Papillomavirus E2 induces senescence in HPV-positive cells via pRB- and p21(CIP)-dependent pathways

Abstract

A hallmark of human papillomavirus (HPV) associated carcinogenesis is the integration of the viral DNA into the cellular genome, usually accompanied by the loss of expression of the viral E2 gene. E2 binds to and represses the viral promoter directing expression of the E6 and E7 oncogenes. The re-introduction and expression of exogenous E2 in HPV-positive cancer cells results in cellular growth arrest, while growth in the context of exogenous E2 can be restored through the expression of exogenous E6 and E7. Here we examine the individual contributions of the viral E6 and E7 genes to this phenotype. E6 alone displays moderate activity, whereas both E7 and adenovirus E1A display high activity in reversing E2-mediated cellular growth suppression. Using defined mutants of E7 and E1A, we show that an intact retinoblastoma interaction domain is required for this function. In addition, we show that the E2-mediated growth arrest of HPV-positive cells results in cellular senescence, and implicate the cyclin/cdk inhibitor p21(CIP) as a downstream E2 effector in this phenotype.

Fig. 1. E2-mediated senescence in HPV-positive cell lines. HeLa, U2OS, C33A and Caski cells were co-transfected with expression vectors for the neo resistance gene and either expression vectors for BPV E2-TA, BPV E2-TR or HPV18 E2 or empty SVE vector (vector alone). At 20 days post-selection, the cells were stained for the senescence-specific β-galactosidase marker (SA-βGal) as described in Materials and methods.

Fig. 2. A functional E2 transactivation function is required for senescence induction. HeLa cells were co-transfected with a neomycin selection plasmid and either empty SVE vector (A) or expression vectors for wild-type HPV16 E2 (B), or the mutant HPV16 E2 proteins E39A or I73A (C and D). Senescence-specific staining was performed as described in the legend to Figure 3.

Fig. 3. Viral oncoproteins counteract E2-mediated senescence in HeLa cells. (A) HeLa cells were co-transfected with the neomycin plasmid and BPV E2-TA, either alone (1) or in the presence of wild-type 12S E1A (2), wild-type HPV16 E7 (3), the mutant ΔDLYC E7 (4), wild-type HPV16 E6 (5) or both HPV16 E6 and E7 (6). The cells were selected and stained for SA-βGal activity as described in Figure 1. (B) Cells that assumed the senescence-specific morphology were counted on days (d) 5, 7 and 9 post-selection. Three random fields were counted and averaged for each data point; the standard deviations are as indicated. Each field contained a minimum of 50 cells. The data are expressed as percent enlarged cells relative to total cell number.

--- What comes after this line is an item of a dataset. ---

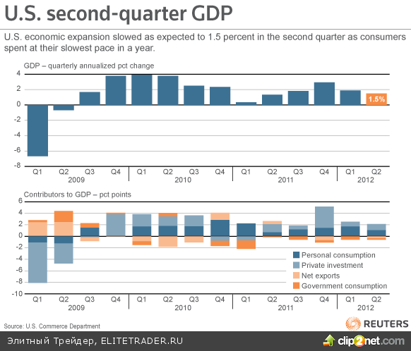 За океаном, тем временем были опубликованы данные относительно первой оценки динамики американского ВВП во втором квартале 2012 года. BEA обозначила цифру в квартальном исчислении на уровне 1,5% до $13,558 трлн, что совпало с консенсус прогнозом Reuters и превысило средний прогноз аналитиков опрошенных Bloomberg, предполагавший рост на 1,4%. И все же, темпы роста ВВП снижаются второй квартал подряд, что подстегивает в спекулянтах ожидания введения QE3 со стороны ФРС на ближайшем заседании, которое стартует завтра и продлится два дня. Разрыв стал больше по сравнению с прошлым кварталом ввиду пересмотра значения за январь-март 2012 года с 1,9% до 2%.

Fig. 4. Induction of the cyclin/cdk inhibitor p21^CIP correlates with E2-mediated senescence. (A) HeLa cells were co-transfected with a puromycin selection plasmid and either E2-TA or E2-TR expression vectors. On the next day, the cells were split and placed under puromycin selection (0.4 µg/ml). At days 1–14 post-selection, the cells were harvested for preparation of whole-cell lysates and 50 µg of protein were separated by 12.5% SDS–PAGE. Expression of the p21^CIP protein as well as of p16^INK4A was detected by western blot analysis. (B) HeLa cells were co-transfected with the puromycin resistance plasmid and expression vectors for either BPV E2-TA, BPV E2-TR, HPV18 E2, HPV16 E2 and the two HPV16 E2 mutant proteins I73A and E39A. p21^CIP protein levels were measured on day 3 post-selection as described in (A).

Fig. 5. Expression of p21^CIP causes HeLa cell senescence in the absence of E2. (A) HeLa cells were transfected with the indicated expression vectors using either empty or p21^CIP-expressing RSV vector as well as neo^R plasmid. Two independent experiments are shown, in which the percentage of cells exhibiting the flat cell, senescent morphology was determined at 7 days. The data are expressed as percent flat cells relative to the total cell number. Three random fields were quantitated and averaged; the standard deviations are indicated. Each field contained a minimum of 100 cells. (B) In the same experiment, the SA-βGal-positive cells were counted over an area of 6 cm² at 15 days post-transfection. The average from the two independent experiments is shown by the bars, with the individual data indicated at the top.

Fig. 6. Microinjection of antisense p21^CIP oligonucleotides inhibits E2-mediated HeLa cell senescence. (A) Cells were left uninjected or injected cytoplasmically with E2-TA plasmid alone or in the presense of α-p21^CIP or control morpholino oligonucleotides. FITC-conjugated dextran served as a co-injection marker (left panel). Imaging was performed on day 7 post-injection. (B) Cells exhibiting the enlarged phenotype were counted on day 8 and are expressed as a percentage of the total imaged cells.